• **Task prompt**
With the pictures omitted, set down exactly the lines from the one that contains "A charming gate" through the last line of the data.

• **Collected data**

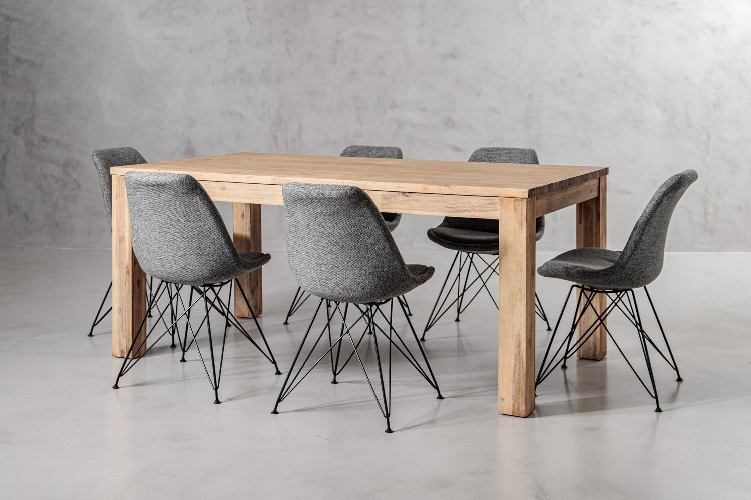 The Vancouver Enzo Dining Set boasts a robust 2.4m dining table built from solid Acacia wood - a high-density hardwood known for its durability – which is sure to remain the centre of your dining space for decades to come. Wire brushing gives this piece a beautifully natural, slightly rustic finish.
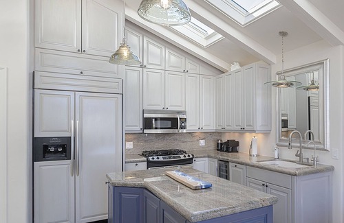 A charming gate welcomes you onto a comfortably furnished stone patio. Entering the split level home, you’ll discover an abundance of skylights and windows. Up several steps, there’s a spacious great room that includes the living and dining room, and flows into the kitchen. The living room features modern furniture, a 75” flat-panel TV and skylights with shades controlled by remote.
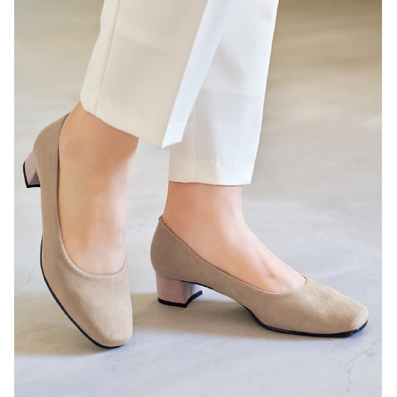 ヒールを低くしたことで安定感がアップ。シーンを選ばず、より履きやすくなりました。中敷は抗菌防臭などの機能付きでさわやか。
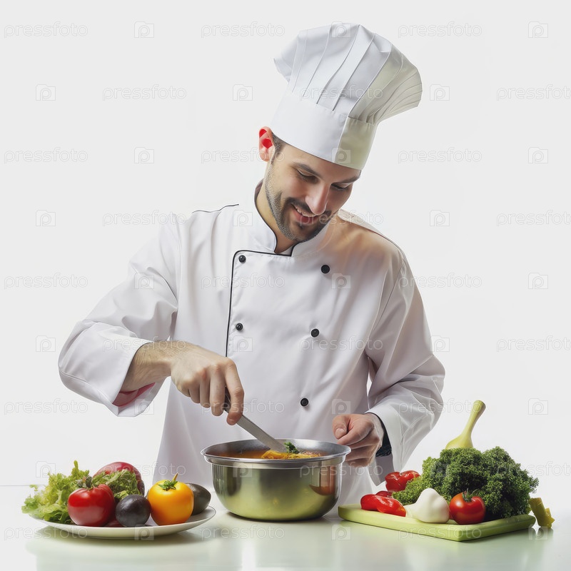 Улыбающийся шеф-повар смешивает суп на белой кухне

• **Result**
 A charming gate welcomes you onto a comfortably furnished stone patio. Entering the split level home, you’ll discover an abundance of skylights and windows. Up several steps, there’s a spacious great room that includes the living and dining room, and flows into the kitchen. The living room features modern furniture, a 75” flat-panel TV and skylights with shades controlled by remote.
 ヒールを低くしたことで安定感がアップ。シーンを選ばず、より履きやすくなりました。中敷は抗菌防臭などの機能付きでさわやか。
 Улыбающийся шеф-повар смешивает суп на белой кухне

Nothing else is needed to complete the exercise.